RFC1 Natural History Study (RFC1-NHS)

March 30, 2026 updated by: Prof. Dr. Matthis Synofzik
This international, multi-center, multi-modal and prospective observational study aims to determine the phenotypic spectrum and the natural progression of the RFC1 repeat expansion disease, and to seek and validate digital, imaging, and molecular biomarkers that aid in diagnosis and serve as outcome measures in future clinical trials of this novel, but frequent ataxia with late adult-onset.

Study Overview

Detailed Description

The investigators will perform an international, multi-center, multi-modal, and registry-based standardized prospective Natural History Study (NHS) in RFC1 repeat expansion disease. Participants will be assessed annually. Study visits with a standardized clinical examination will apply several clinical rating scales, and data will be entered into a clinical database (ARCA Registry; www.ARCA-registry.org) customized to the requirements of this specific study. At all study visits, patients will be asked to donate biosamples; biomaterial collection is optional, and participants can elect to participate in sampling of blood, urine, CSF, and/or a skin biopsy.

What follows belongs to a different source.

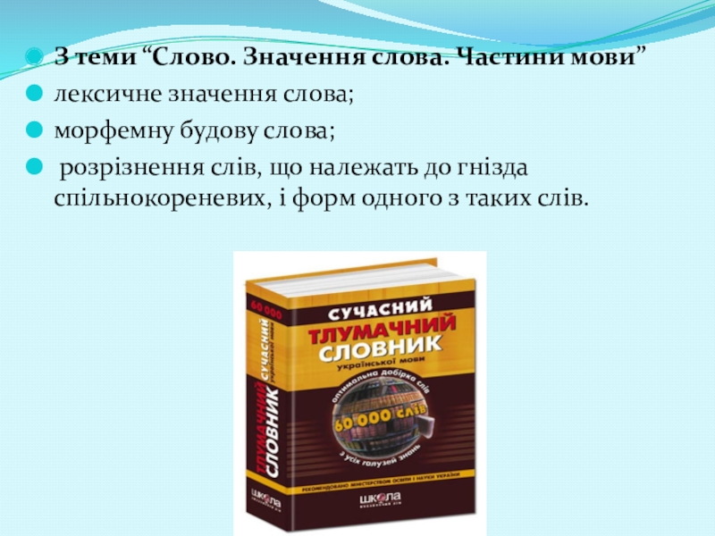 Слайд 10З теми “Слово. Значення слова. Частини мови”

Optionally, and depending on local availability at each participating site, additional examinations may be performed including imaging, quantitative movement and speech analysis, vestibular testing, a neuropsychological examination, or examination of swallowing function, all to fully capture the multisystemic presentation of the RFC1 repeat expansion disease.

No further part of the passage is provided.